• **What you need to do**
Could you copy out all of the records below exactly, leaving out every picture?

Data extracted from a collection:
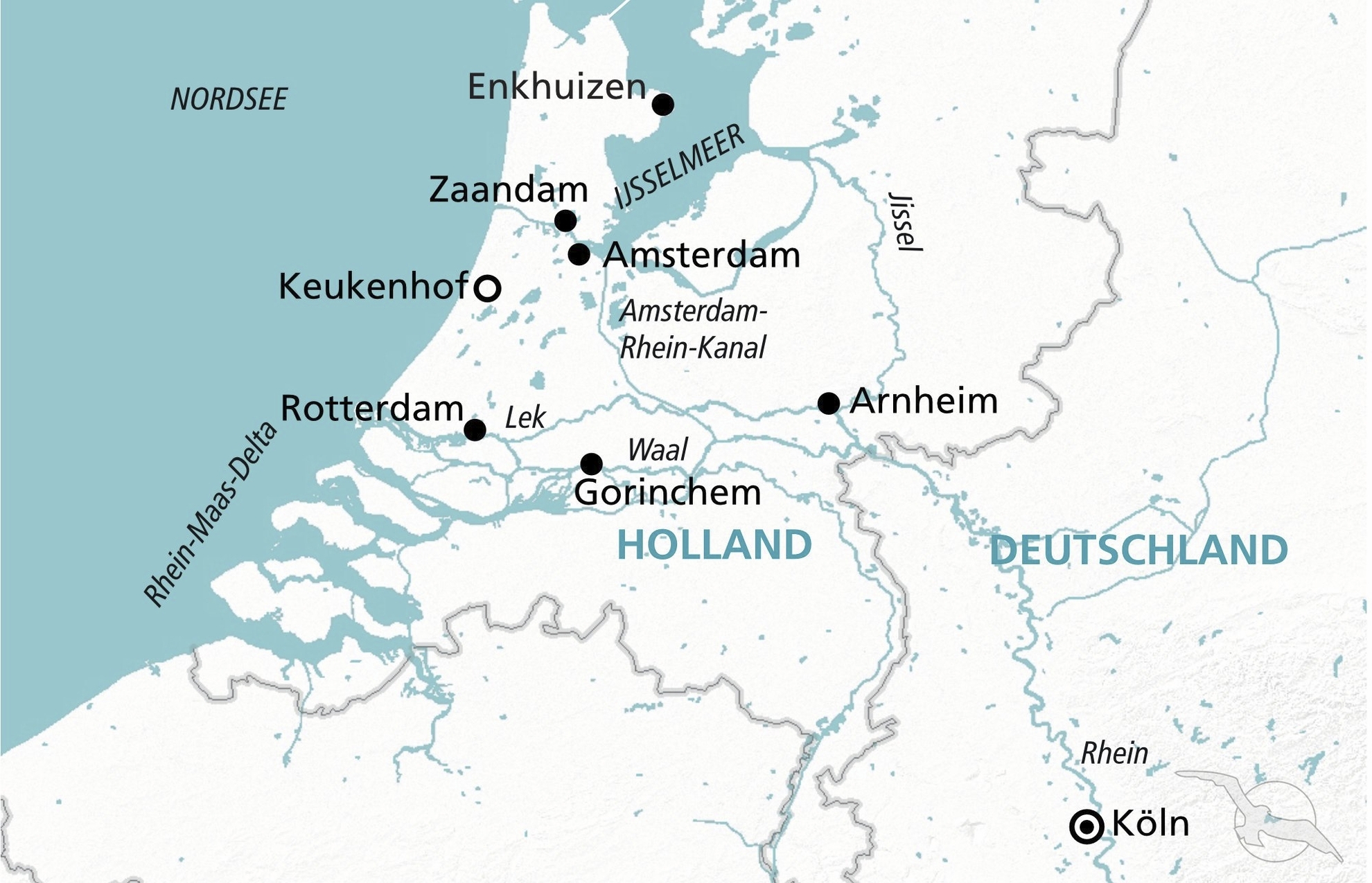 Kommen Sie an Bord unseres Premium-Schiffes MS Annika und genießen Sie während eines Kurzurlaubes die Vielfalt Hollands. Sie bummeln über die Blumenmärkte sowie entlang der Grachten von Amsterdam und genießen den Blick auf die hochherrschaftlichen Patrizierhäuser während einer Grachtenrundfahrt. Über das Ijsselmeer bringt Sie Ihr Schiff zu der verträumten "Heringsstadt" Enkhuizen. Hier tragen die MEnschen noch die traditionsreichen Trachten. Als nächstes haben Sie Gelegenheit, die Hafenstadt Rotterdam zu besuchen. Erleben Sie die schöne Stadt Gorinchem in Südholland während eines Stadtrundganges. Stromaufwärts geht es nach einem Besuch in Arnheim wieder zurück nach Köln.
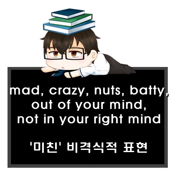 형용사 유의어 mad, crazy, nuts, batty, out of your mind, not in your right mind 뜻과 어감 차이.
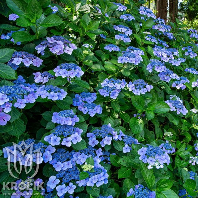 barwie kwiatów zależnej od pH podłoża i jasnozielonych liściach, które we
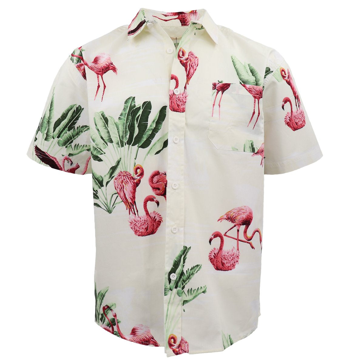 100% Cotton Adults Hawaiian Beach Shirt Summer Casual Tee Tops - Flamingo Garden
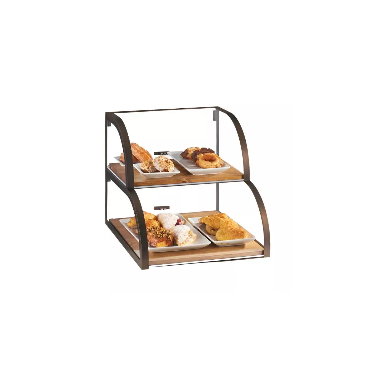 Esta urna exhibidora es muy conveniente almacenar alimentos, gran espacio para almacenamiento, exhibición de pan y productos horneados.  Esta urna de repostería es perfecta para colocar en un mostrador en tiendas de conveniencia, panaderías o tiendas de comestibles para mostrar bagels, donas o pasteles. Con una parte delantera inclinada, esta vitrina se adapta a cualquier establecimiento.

• **Expected answer**
 Kommen Sie an Bord unseres Premium-Schiffes MS Annika und genießen Sie während eines Kurzurlaubes die Vielfalt Hollands. Sie bummeln über die Blumenmärkte sowie entlang der Grachten von Amsterdam und genießen den Blick auf die hochherrschaftlichen Patrizierhäuser während einer Grachtenrundfahrt. Über das Ijsselmeer bringt Sie Ihr Schiff zu der verträumten "Heringsstadt" Enkhuizen. Hier tragen die MEnschen noch die traditionsreichen Trachten. Als nächstes haben Sie Gelegenheit, die Hafenstadt Rotterdam zu besuchen. Erleben Sie die schöne Stadt Gorinchem in Südholland während eines Stadtrundganges. Stromaufwärts geht es nach einem Besuch in Arnheim wieder zurück nach Köln.
 형용사 유의어 mad, crazy, nuts, batty, out of your mind, not in your right mind 뜻과 어감 차이.
 barwie kwiatów zależnej od pH podłoża i jasnozielonych liściach, które we
 100% Cotton Adults Hawaiian Beach Shirt Summer Casual Tee Tops - Flamingo Garden
 Esta urna exhibidora es muy conveniente almacenar alimentos, gran espacio para almacenamiento, exhibición de pan y productos horneados.  Esta urna de repostería es perfecta para colocar en un mostrador en tiendas de conveniencia, panaderías o tiendas de comestibles para mostrar bagels, donas o pasteles. Con una parte delantera inclinada, esta vitrina se adapta a cualquier establecimiento.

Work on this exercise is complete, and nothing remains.